#### INSTRUCTIONS TO FOLLOW
In the listing below, locate the line that contains "Дополнительно на раздвижную двустворчатую" and the line that contains "Transit Label: Must". Restate word for word those two lines and every line between them, and nothing else.

#### SOURCE DATA
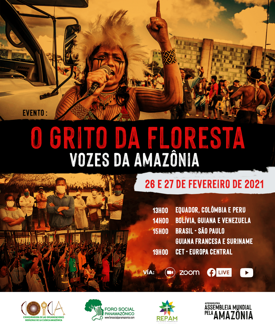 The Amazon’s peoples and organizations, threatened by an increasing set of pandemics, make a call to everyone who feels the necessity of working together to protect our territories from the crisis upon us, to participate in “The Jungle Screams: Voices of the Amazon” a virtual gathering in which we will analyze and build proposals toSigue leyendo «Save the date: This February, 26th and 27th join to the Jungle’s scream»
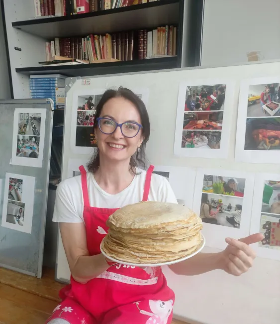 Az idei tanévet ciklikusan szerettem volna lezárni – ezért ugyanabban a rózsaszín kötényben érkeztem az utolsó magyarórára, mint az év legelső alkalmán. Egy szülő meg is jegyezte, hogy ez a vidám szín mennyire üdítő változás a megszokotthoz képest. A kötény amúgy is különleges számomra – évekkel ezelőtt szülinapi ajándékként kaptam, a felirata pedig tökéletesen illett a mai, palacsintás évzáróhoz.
==
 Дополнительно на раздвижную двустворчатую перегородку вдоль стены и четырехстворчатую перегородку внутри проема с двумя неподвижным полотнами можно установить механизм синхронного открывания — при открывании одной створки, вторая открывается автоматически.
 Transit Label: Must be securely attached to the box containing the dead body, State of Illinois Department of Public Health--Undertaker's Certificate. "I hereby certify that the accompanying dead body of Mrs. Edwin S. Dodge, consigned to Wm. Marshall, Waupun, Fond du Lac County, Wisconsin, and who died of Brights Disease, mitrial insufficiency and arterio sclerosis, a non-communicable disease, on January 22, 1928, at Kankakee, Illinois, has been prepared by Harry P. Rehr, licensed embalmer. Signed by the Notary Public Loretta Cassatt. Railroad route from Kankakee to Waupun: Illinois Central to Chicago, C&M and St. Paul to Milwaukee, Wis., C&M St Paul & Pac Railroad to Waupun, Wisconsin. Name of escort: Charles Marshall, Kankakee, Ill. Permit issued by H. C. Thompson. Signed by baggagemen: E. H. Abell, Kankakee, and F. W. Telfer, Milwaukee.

#### RESPONSE TO THIS EXERCISE
 Дополнительно на раздвижную двустворчатую перегородку вдоль стены и четырехстворчатую перегородку внутри проема с двумя неподвижным полотнами можно установить механизм синхронного открывания — при открывании одной створки, вторая открывается автоматически.
 Transit Label: Must be securely attached to the box containing the dead body, State of Illinois Department of Public Health--Undertaker's Certificate. "I hereby certify that the accompanying dead body of Mrs. Edwin S. Dodge, consigned to Wm. Marshall, Waupun, Fond du Lac County, Wisconsin, and who died of Brights Disease, mitrial insufficiency and arterio sclerosis, a non-communicable disease, on January 22, 1928, at Kankakee, Illinois, has been prepared by Harry P. Rehr, licensed embalmer. Signed by the Notary Public Loretta Cassatt. Railroad route from Kankakee to Waupun: Illinois Central to Chicago, C&M and St. Paul to Milwaukee, Wis., C&M St Paul & Pac Railroad to Waupun, Wisconsin. Name of escort: Charles Marshall, Kankakee, Ill. Permit issued by H. C. Thompson. Signed by baggagemen: E. H. Abell, Kankakee, and F. W. Telfer, Milwaukee.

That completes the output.